Así que Sandy lo puso al corriente.
—Le he llamado para decirle... Oh, esto es una tontería. Le estoy haciendo perder el tiempo, señor presidente... él es...
—LaMonte. Por favor. Todavía no tengo un busto en el Rushmore. Tengo a cuarenta delante en la cola.
—LaMonte, Reuben Malich es un verdadero patriota. A diferencia de mí, es republicano. Amaba al presidente. Esto lo está destrozando.
—Me lo imagino.
—No soy sólo una esposa leal. Quería asegurarme de que comprendiera que, digan lo que digan de él, sean cuales sean las pruebas que puedan presentar para incriminarlo, él no hizo nada. Cumplió una misión legítima. No filtró esos planes.
—Oh, de eso estoy bastante seguro —dijo LaMonte.
—Lo que estoy pidiendo es... Apóyelo, señor. Por favor.
—Déjame que te explique mi dilema —dijo LaMonte—. Voy a entrar en una Casa Blanca llena de gente elegida por el difunto presidente. Todos están acostumbrados a verme como un obstáculo para hacer las cosas porque nunca han comprendido que el presidente de la Cámara de Representantes no es el jefe de esa cámara como el presidente lo es de la Casa Blanca. Pero estas personas han formado parte de la Administración. Y una de ellas, al menos una de ellas, señaló dónde estaba el presidente de modo que alguien pudiera matarlo.
—Es para usted una cuestión de confianza. Pero mi marido...
—No saques conclusiones, Cessy. No es una cuestión de confianza. Se está desarrollando a mi alrededor una investigación de alcance mundial mientras intento acostumbrarme al cargo de presidente. Además, todo el mundo llora, lo cual es comprensible pero no ayuda mucho. Te necesito aquí. Necesito a alguien en quien pueda confiar.
—Soy demócrata, ¿recuerda?
—Lo sé, y necesito a alguien que hable ese idioma, que para mí es extranjero.
—LaMonte, me siento halagada, me siento
honrada
, pero tengo una familia.
—Te pagaré un sueldo exorbitante. Subimos todos los sueldos de la Casa Blanca en la última sesión y te prometo que podrás permitirte vivir en Georgetown si quieres.
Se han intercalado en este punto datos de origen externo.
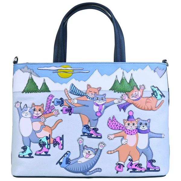 - Soft supple leather grab bag, adjustable detachable shoulder strap with applique 'skating cats' design 31cm x 23cm x 8cm.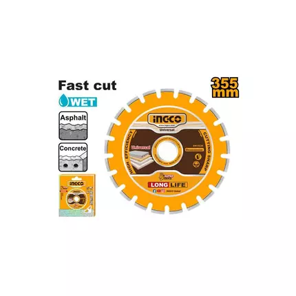 Specifications: Brand: Ingco Model: DMD033551 Type: Diamond Disc Size:355mm(14")X25.4mm Blade width:12mm Suitable for item PC3558 Packed by color box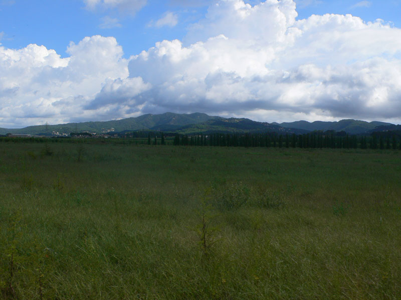 El paisaje es totalmente industrial a la salida del área metropolitana pero cambia mucho a partir de Montornés del Vallés, donde de pronto nos veremos rodeados de campos y bosques con el telón de fondo de la Sierra Litoral.

—LaMonte. Mis padres ya tienen casa en Georgetown, si necesitara una. No puede atraerme con dinero. No puede atraerme con nada. Pero, como decía, me siento honrada.
—¿El dinero no te seduce? ¿Y las súplicas? Puedo gemir y rogar si quieres. Aprendí a hacerlo en las reuniones de los comités.
—No puede contratarme para trabajar en la Casa Blanca. Mi marido tendrá que testificar ante el comité del Congreso que investigue los asesinatos. Y no será agradable. Lo último que usted necesita es que digan: «El mayor Malich, cuya esposa es ayudante del presidente Nielson.» Existe una cosa que se llama mala prensa.
—Bueno, pero sólo para ti agitaré mi varita mágica y haré que todo desaparezca.
—Ojalá fuera posible.
—Ya lo verás. Vamos a tener una Administración muy armoniosa.
—No cuente con disfrutar de una larga luna de miel.
—Trabaja para mí, Cessy. Tu marido no nos perjudicará, nos ayudará. Es un héroe. Tú eres la esposa de un héroe. Además, Sandy me asegura que eres la única secretaria que le ha caído bien.
—Yo no le caía bien —dijo Cecily—. No hasta que me marché.
Se sentía absorbida hacia el vórtice. Realmente lo echaba de menos. Y pensar en una Casa Blanca en transición, sometida a una investigación interna, desesperadamente necesitada de gente capaz de concentrarse, de hacer las cosas... Sabía que ella podía hacerlo. Tenía la habilidad de llevarse bien con la gente. Sabía limar diferencias y hacerlas parecer pequeñas. Era buena con los detalles que hacían que en Washington funcionaran las cosas. Quería decir que sí.